## Material for this task

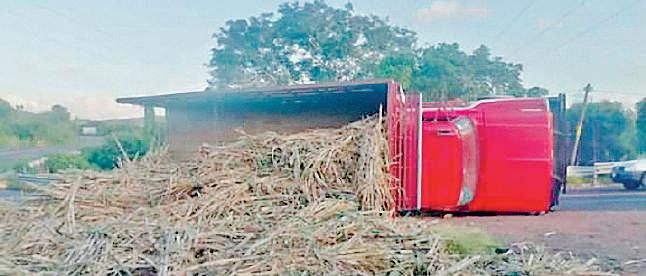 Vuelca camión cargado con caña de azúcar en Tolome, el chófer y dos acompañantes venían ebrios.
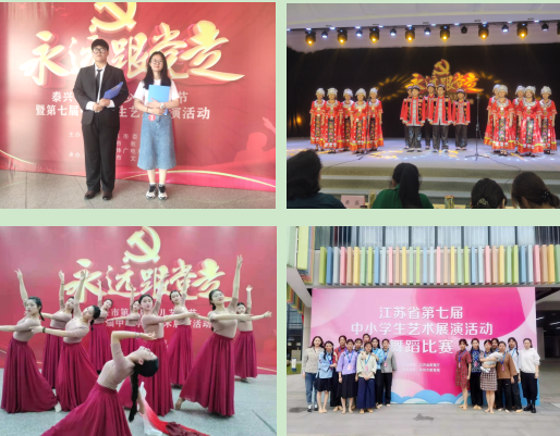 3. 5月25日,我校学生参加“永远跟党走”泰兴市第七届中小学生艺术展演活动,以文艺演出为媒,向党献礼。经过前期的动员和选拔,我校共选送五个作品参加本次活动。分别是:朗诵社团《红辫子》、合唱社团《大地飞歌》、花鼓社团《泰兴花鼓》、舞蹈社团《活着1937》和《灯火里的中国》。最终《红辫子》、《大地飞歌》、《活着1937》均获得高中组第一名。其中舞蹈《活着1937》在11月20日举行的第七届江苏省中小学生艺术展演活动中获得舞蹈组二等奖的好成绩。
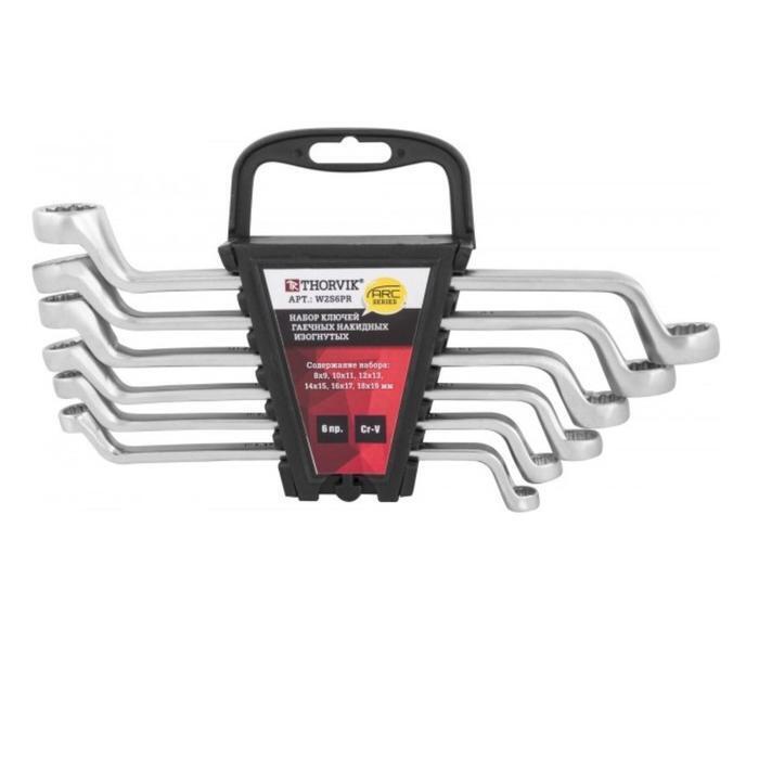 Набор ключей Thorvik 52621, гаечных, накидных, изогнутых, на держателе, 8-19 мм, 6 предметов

==

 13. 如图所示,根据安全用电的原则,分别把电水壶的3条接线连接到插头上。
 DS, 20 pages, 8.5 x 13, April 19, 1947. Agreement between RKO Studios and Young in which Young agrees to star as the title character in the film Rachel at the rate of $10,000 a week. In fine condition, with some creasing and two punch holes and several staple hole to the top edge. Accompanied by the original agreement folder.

## Work required
Keep to the lines above from the line with "Vuelca camión cargado" to the line with "Набор ключей Thorvik", and set down exactly those, inclusive, with nothing else and every picture left out.

## Answer to this exercise
 Vuelca camión cargado con caña de azúcar en Tolome, el chófer y dos acompañantes venían ebrios.
 3. 5月25日,我校学生参加“永远跟党走”泰兴市第七届中小学生艺术展演活动,以文艺演出为媒,向党献礼。经过前期的动员和选拔,我校共选送五个作品参加本次活动。分别是:朗诵社团《红辫子》、合唱社团《大地飞歌》、花鼓社团《泰兴花鼓》、舞蹈社团《活着1937》和《灯火里的中国》。最终《红辫子》、《大地飞歌》、《活着1937》均获得高中组第一名。其中舞蹈《活着1937》在11月20日举行的第七届江苏省中小学生艺术展演活动中获得舞蹈组二等奖的好成绩。
 Набор ключей Thorvik 52621, гаечных, накидных, изогнутых, на держателе, 8-19 мм, 6 предметов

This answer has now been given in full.